Premier Christy Clark promotes the benefits of the Trans-Pacific Partnership at a Victoria seafood shop Wednesday.

Premier Christy Clark baits NDP on trade deal

Premier compares NDP's 'Leap Manifesto' to Donald Trump's campaign against free trade in the U.S.

Premier Christy Clark proclaimed her government’s support for the Trans-Pacific Partnership Wednesday with a campaign-style event touting the benefits of removing tariffs on seafood and other B.C. exports.

Clark and International Trade Minister Teresa Wat released a letter to federal International Trade Minister Chrystia Freeland supporting the trade deal, signed by 80 B.C. businesses from food producers to aircraft and forest companies.

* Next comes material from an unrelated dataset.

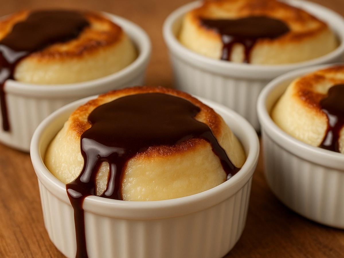 Подавайте сразу из духовки, пока поверхность остаётся румяной, а середина — кремовой.
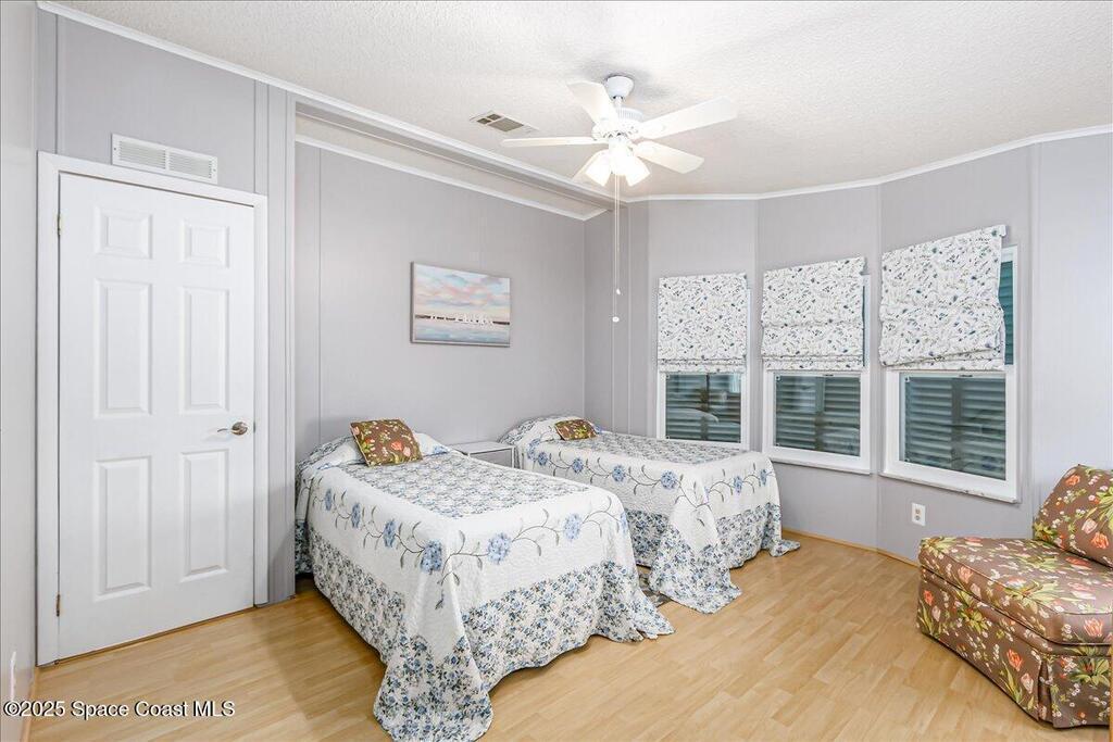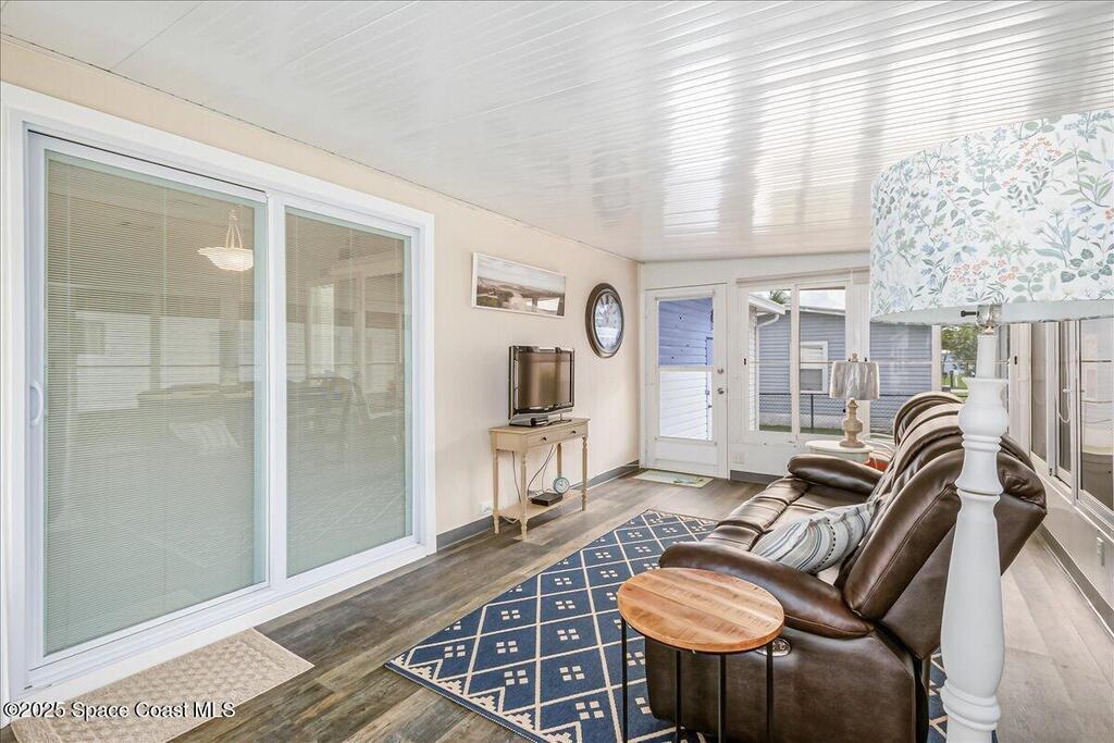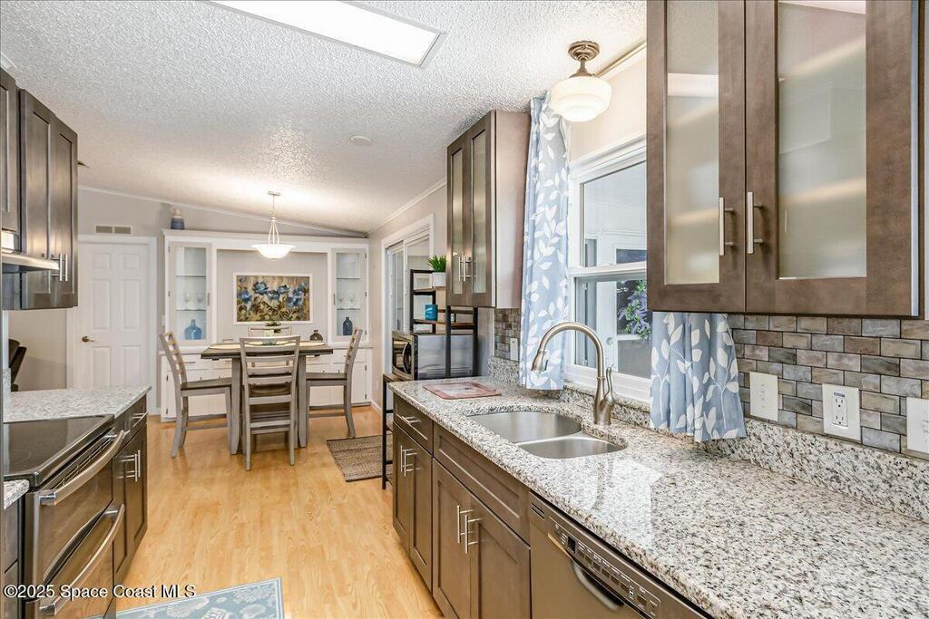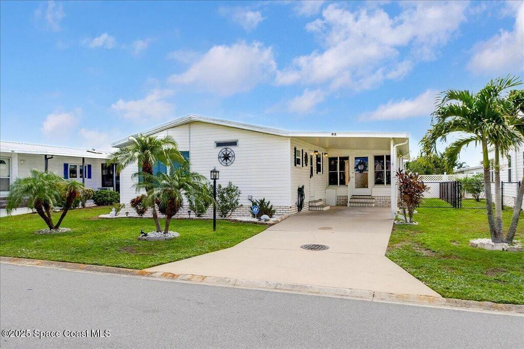 Beautifully maintained and updated 2-bedroom, 2-bathroom home featuring a spacious split floor plan. This charming residence has stainless steel appliances, granite countertops, and a tiled walk in shower in the owner's suite. Enjoy the air-conditioned Florida room, perfect for relaxing or entertaining. Recently installed impact-rated windows provide added security and peace of mind. The home boasts a new metal roof and a new A/C system for worry-free living (warranties are transferrable). It is located within walking distance to one of the three pools. Enjoy all the amenities Barefoot Bay has to offer and make this lovely home yours today!Also, the home comes tastefully furnished. All of the furniture items have been bought within the last two years and are in excellent condition!

Clark wasted little time setting the political hook for the opposition NDP, whose federal wing debated the anti-trade “Leap Manifesto” at its convention in Alberta last weekend. She compared that to U.S. presidential candidate Donald Trump’s campaign against trade deals.

“It’s an argument we’ve seen south of the border, and now it’s an argument that’s contaminated the Canadian political debate as well,” Clark said.

The B.C. Liberals then forced debate on a motion to support the TPP in the legislature. NDP leader John Horgan quoted sources including the CEO of Ford of Canada and a former CEO of Blackberry Canada saying the agreement is bad for the Canadian car and high-tech industries.

Horgan noted that federal hearings on the TPP are being held next week. Freeland has signed the agreement on behalf of Canada, but it requires ratification by governments in Canada, the U.S., Mexico, Japan, Australia, New Zealand, Malaysia and other Pacific Rim countries before it takes effect.

The B.C. Chamber of Commerce says fish and seafood are currently subject to 15 per cent duty in Japan and Malaysia, up to 34 per cent in Vietnam and up to five per cent in New Zealand. Beef, fresh and frozen vegetables, fresh cherries and fresh and frozen blueberries also face tariffs in Asian countries that would be eliminated by the TPP.